This site will look much better in a browser that supports web standards, but it is accessible to any browser or Internet device.


IBEST : Tools : HiTSA





High Throughput Sequences Analysis

Contributors: Celeste J. Brown, Audra K. Johnson, James A. Foster, Larry J. Forney

The high throughput sequence analysis (HiTSA) program identifies and groups closely related sequences. First, the HiSTA program culls incorrect and low quality sequences, then compares valid sequences to those in databases using BLAST. It then aligns valid sequences and their best matches using ClustalW, and clusters the sequences by similarity using the neighbor-joining algorithm. The HiTSA program uses freely available software and databases, and runs under UNIX on either single processor or cluster computers.

  • Parameter File
  • The parameter file makes the pipeline adaptable and flexible. The user can specify their own database and reference sequences, as well as other choices.

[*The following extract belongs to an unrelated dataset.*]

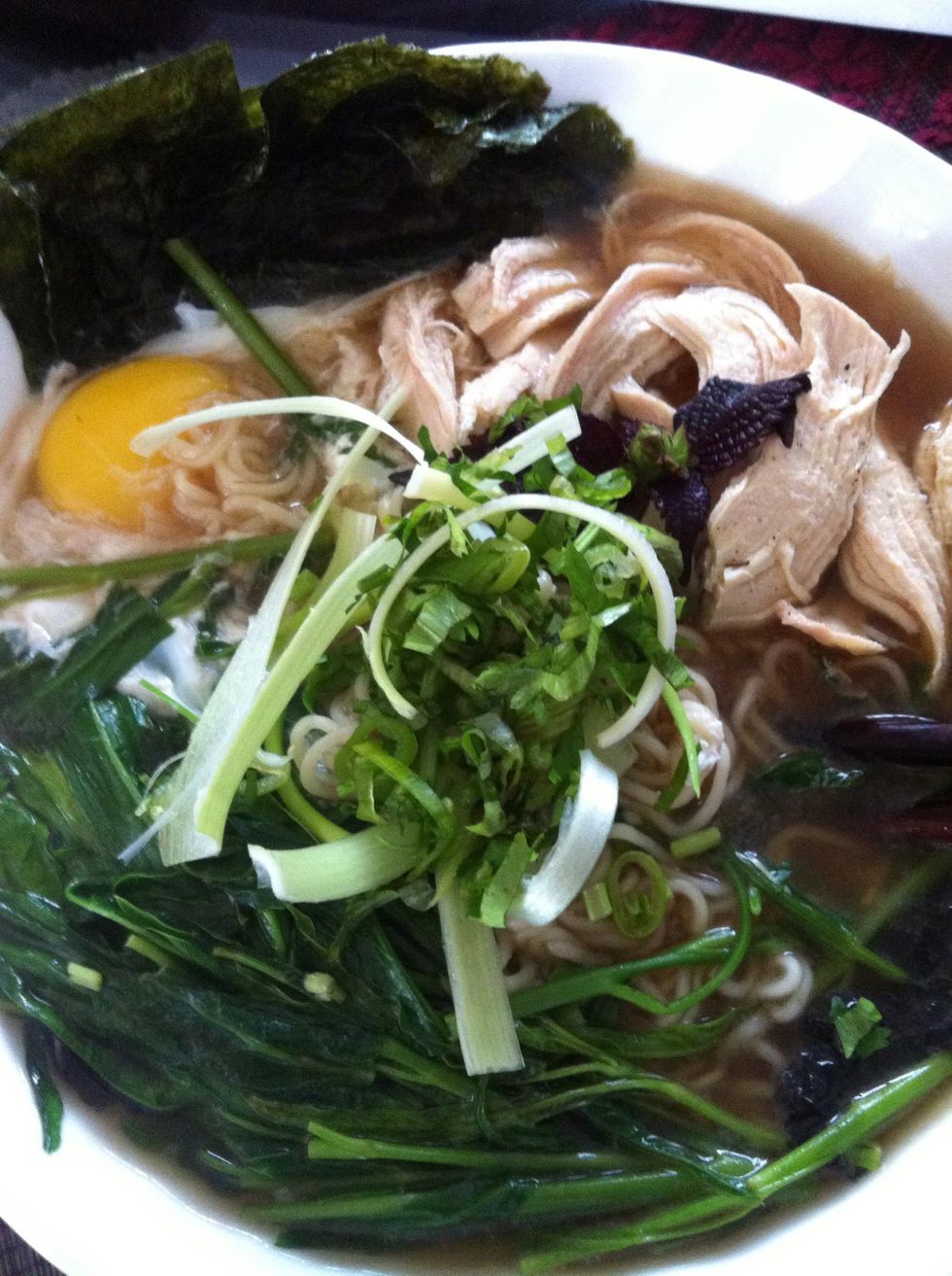 Pour your boiling broth into your bowl - if you have an egg in there, make sure you pour it onto the egg to cook it, unless you like raw egg mixed into the noodles (it's quite delicious)!

  • Bad Sequences and Good Sequences
  • Bad sequences removed based upon percent Ns and direction; Amplification primers removed from good sequences, and orientation corrected if necessary.

  • Sequence Database
  • The sequence database is searched by BLAST to identify sequences that are similar to the good sequences.

  • Summary Table
  • Summary of BLAST search.

  • Best Match Sequences
  • The best match from BLAST for each of the good sequences.

  • Reference Sequences
  • The reference sequences form a phylogenetic framework, allowing different communities to be compared.

  • Aligned Sequences
  • Contains:

    • good original sequences
    • their best BLAST matches
    • reference sequences.

  • Alignment Points
  • Defines the common start and end points of sequences.

  • Distance Matrix and Newick Tree
  • Can be fed into Statgen for statistical analysis or used for other purposes.

    We are currently working on putting HiTSA up on SourceForge.